The total of only column sizes does not match with total row size if we use pg_relation_size. There must be some columns or indices that I missed. I don't know where else to look

NyakudyaA commented 4 years ago

@lucernae Where is the sql for the vulnerability calculations. I can try to run on my local machie and see if the problem persist

lucernae commented 4 years ago

@NyakudyaA we can run it, it's just that the size blew up after vulnerability calculations

Fresh dump then restore the same db will output this:

Query used:

SELECT
    relname AS "relation",
    pg_size_pretty(
        pg_relation_size(C .oid)
        ) as "rel_size",
    pg_size_pretty (
        pg_total_relation_size (C .oid)
    ) AS "total_size"
FROM
    pg_class C
LEFT JOIN pg_namespace N ON (N.oid = C .relnamespace)
WHERE
    nspname NOT IN (
        'pg_catalog',
        'information_schema'
    )
AND C .relkind <> 'i'
AND nspname !~ '^pg_toast'
ORDER BY
    pg_total_relation_size (C .oid) DESC
LIMIT 5;

Result:

    relation     | rel_size | total_size 
-----------------+----------+------------
 osm_buildings   | 1491 MB  | 1995 MB
 osm_roads       | 448 MB   | 591 MB
 osm_admin       | 10 MB    | 72 MB
 osm_waterways   | 54 MB    | 69 MB
 spatial_ref_sys | 4584 kB  | 4808 kB
(5 rows)

After vulnerability calculations, same query, same data (the vulnerability will have the same output as before): osm_buildings beocmes 22GB.

So, total_row_size is accurate after all, I just don't know the extra size is for what?
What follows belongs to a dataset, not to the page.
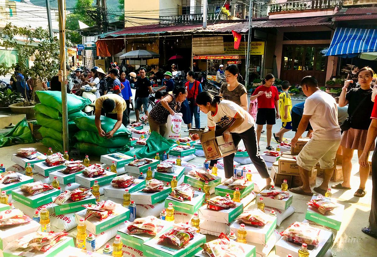 Các phần quà hỗ trợ được chuẩn bị để trao đến người dân bị thiệt hại.
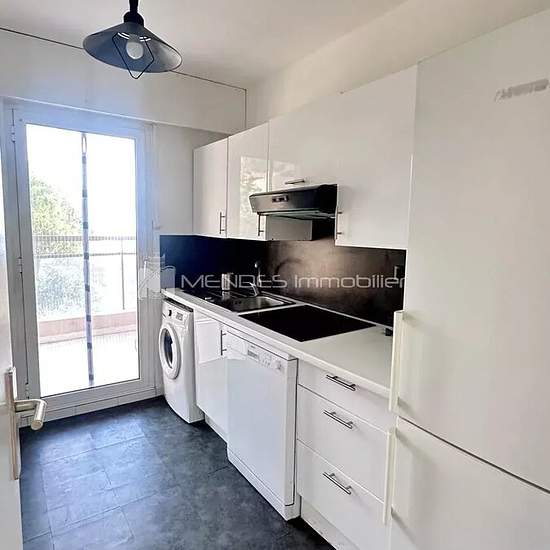 In a beautiful residence, a 3-room, 59 m² apartment on the 6th floor with a terrace and sea view. This apartment comprises a living room, two bedrooms, a bathroom and a shower room, built-in cupboards, and a separate fitted kitchen. A garage completes the property. Available immediately. Information on the risks to which this property is exposed is available on the Géorisques website:

lucernae commented 4 years ago

I need to write some procedure on how to reproduce the problem first @NyakudyaA

lucernae commented 4 years ago

Concluded that the cause is mostly pg_wal directory. When we backup and restore the same data, the overall size becomes much smaller.

NyakudyaA commented 4 years ago

Concluded that the cause is mostly pg_wal directory. When we backup and restore the same data, the overall size becomes much smaller.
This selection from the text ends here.